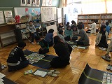 PTA研修委員会の方に指導していただき、大会参加児童がかるたの練習をしました。
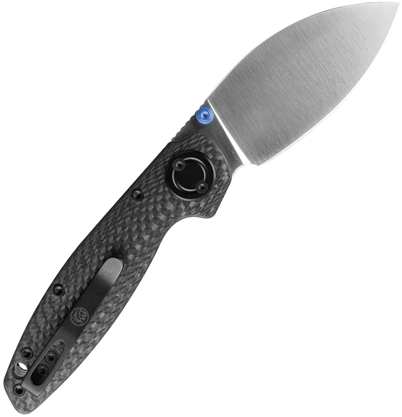 4.13″ (10.49cm) closed. 2.9″ (7.37cm) satin finish Elmax steel blade. Black carbon fiber handle. Thumb stud. Lanyard hole. Pocket clip. Extended tang. Black nylon zippered storage case. Boxed.
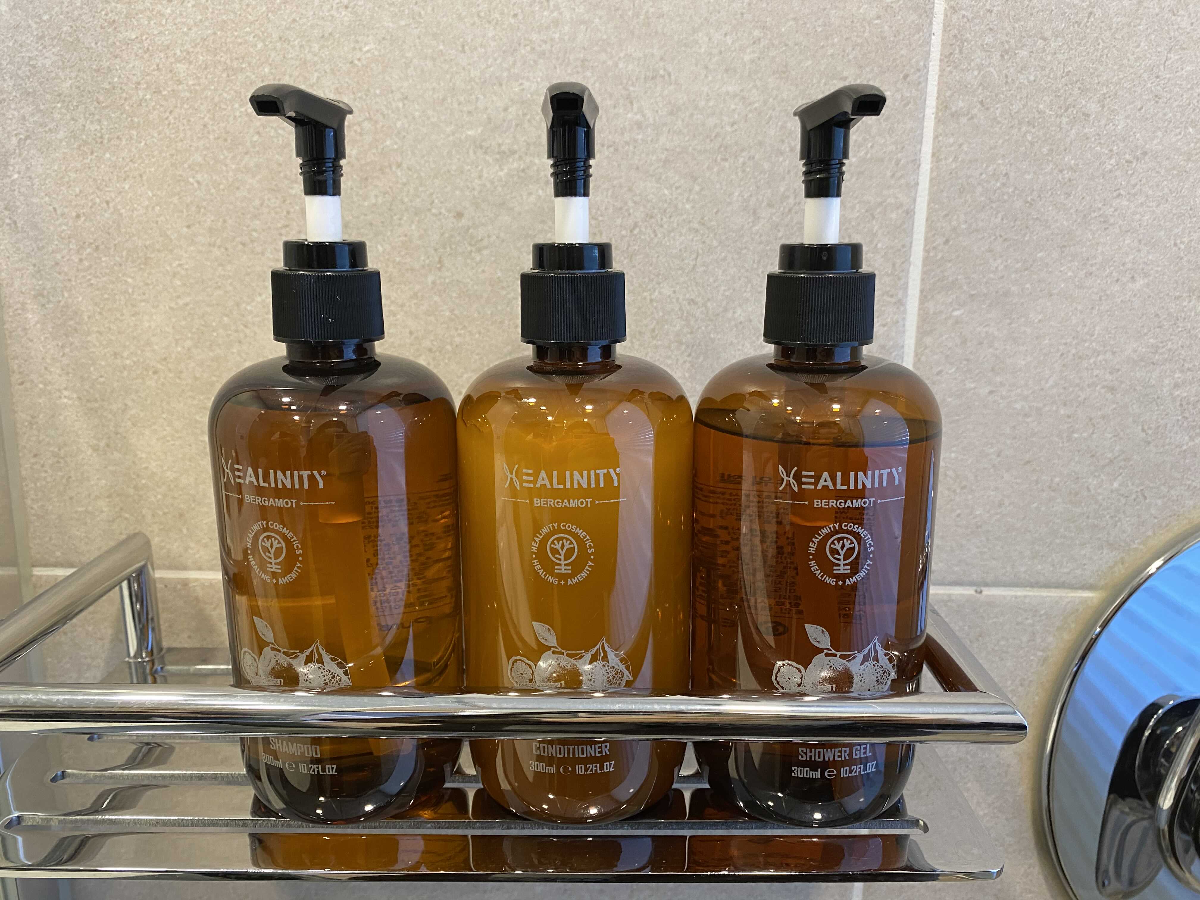 욕실에는 샴푸, 컨디셔너, 바디워시가 있고
■ ■ ■ ■ ■
- What you are asked to do:
Repeat verbatim the lines from the one with "4.13″ (10.49cm) closed." through the end of the listing above. Include both ends, add nothing, and exclude the pictures.

- Answer below:
 4.13″ (10.49cm) closed. 2.9″ (7.37cm) satin finish Elmax steel blade. Black carbon fiber handle. Thumb stud. Lanyard hole. Pocket clip. Extended tang. Black nylon zippered storage case. Boxed.
 욕실에는 샴푸, 컨디셔너, 바디워시가 있고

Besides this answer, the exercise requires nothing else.